After watching the YouTube video Rich Harris - Rethinking reactivity, these are three ideas that stood out to me:

Truly reactive code is just better.

Too many times throughout my development career, I have coded lines upon lines of code without thinking of the load being put on the machine. Rich Harris truly puts value into Svelte by comparing it to other frameworks like React, Vue, and Angular and the way that they run their code. With every framework I have worked with up to this point, the entirety of a function or multiple functions is called when one thing is changed. That is not truly reactive. By only updating the affected variables in the code, Svelte truly is reactive.

Svelte, like the modern era, is attempting to be minimalistic.

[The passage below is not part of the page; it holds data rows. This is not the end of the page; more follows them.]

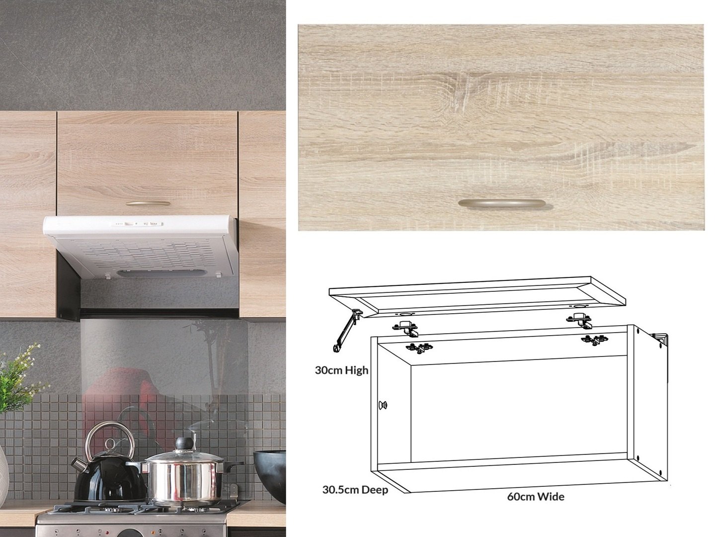 Bridging Unit Kitchen Wall Cabinet 600mm Extractor Housing Half Height Light Oak Effect Lift Up Door – Junona
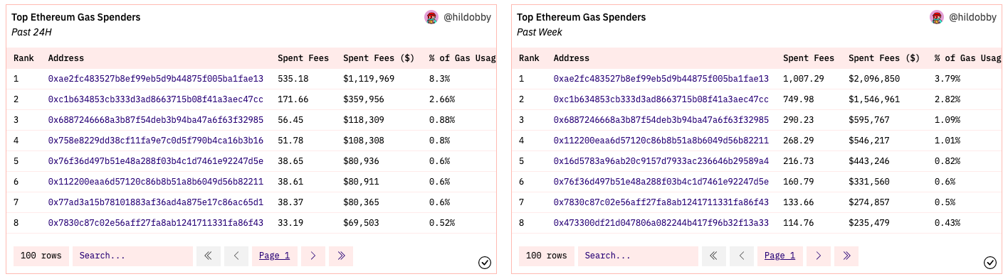Dune Analytics(主页:Ethereum Gas)数据显示,在过去 24 小时内,jaredfromsubway.eth(图中 0x ae 2 开头地址)仅 gas 就消耗了 535.18 ETH(这么看单笔消耗约 0.01 ETH),价值约 1119969 美元,占全网数据的 8.3% ;而在过去一周内,该地址更是消耗了 1007.29 ETH,价值约 2096850 美元,占全网数据的 3.79% 。
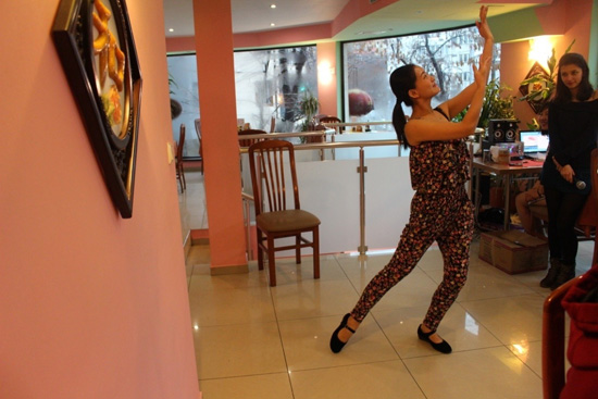 首先是中文歌展示。这里的中学生们通过中国歌曲的学习,不仅学习了汉语,而且也爱上了中国的音乐。学生们演唱了《对面的女孩看过来》、《月亮代表我的心》和《宝贝》,由郭老师亲自用吉他伴奏。学生们还跳起自编自演的舞蹈,欢快的节奏。别样的舞蹈,师生共同参与,让学生在歌中体验中文的语言魅力,收获学习的快乐。
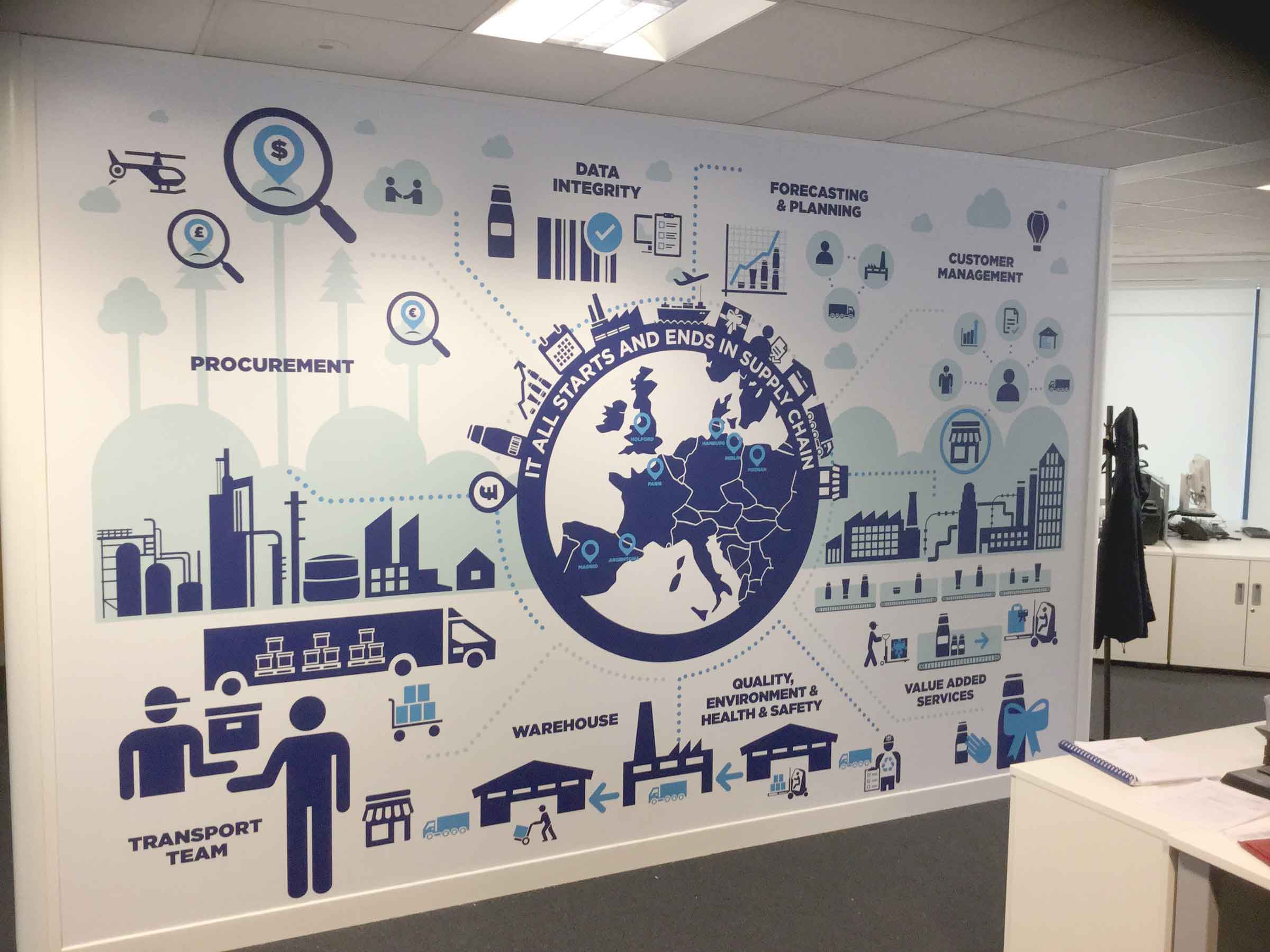 Based in the Midlands and working across the UK, our friendly team of designers and installers bring colour, creativity and purpose to every environment — helping you turn blank walls into something extraordinary.
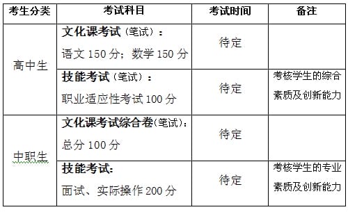 1. 文化考试+职业适应性考试,高中生总分400分,中职生总分300分。(非运动项目特长生)

It seems to me that, compared to when I was growing up, people have far less things decorating their homes. This concept of clean and minimalistic is stylish seems to be taking over. Svelte is no exception to this rule. From the examples I saw in this video, a noticiblely less amount of code was used to accomplish a task compared to the use of a framework like React. In my experience, the cleaner and less code, the better. That seems to be the logic behind Svelte. Yes, the JavaScript output is quite complex. However, that is a plus of Svelte. It does the dirty work for you. Svelte feels modern to me.

Svelte is intuitive.

Two examples from Rich Harris’ presentation stand out to me: scoped styles, and missing alt tags. Having used React quite a bit, having global styles can often be burdensome. I always seem to end up with lots of classes and even more lines of code. Svelte gives you the ability to scope your CSS. I am aware that React has this feature as well, however, it never seemed like the way React wanted you to work with CSS. Scoped CSS is Svelte’s primary way of doing CSS and it makes sense.

Rich Harris explains that majority of us developers will never understand the difficulties of accessing the internet or an app with a disability. The example he gave of having an image without and alt tag really showed how Svelte is trying to help with accessibility. When issues such as a missing alt tag occur, you will get a message in your terminal telling you that you should have an alt tag on the image on line x:x. He mentions that it will still compile without it, but it will not respect you for it.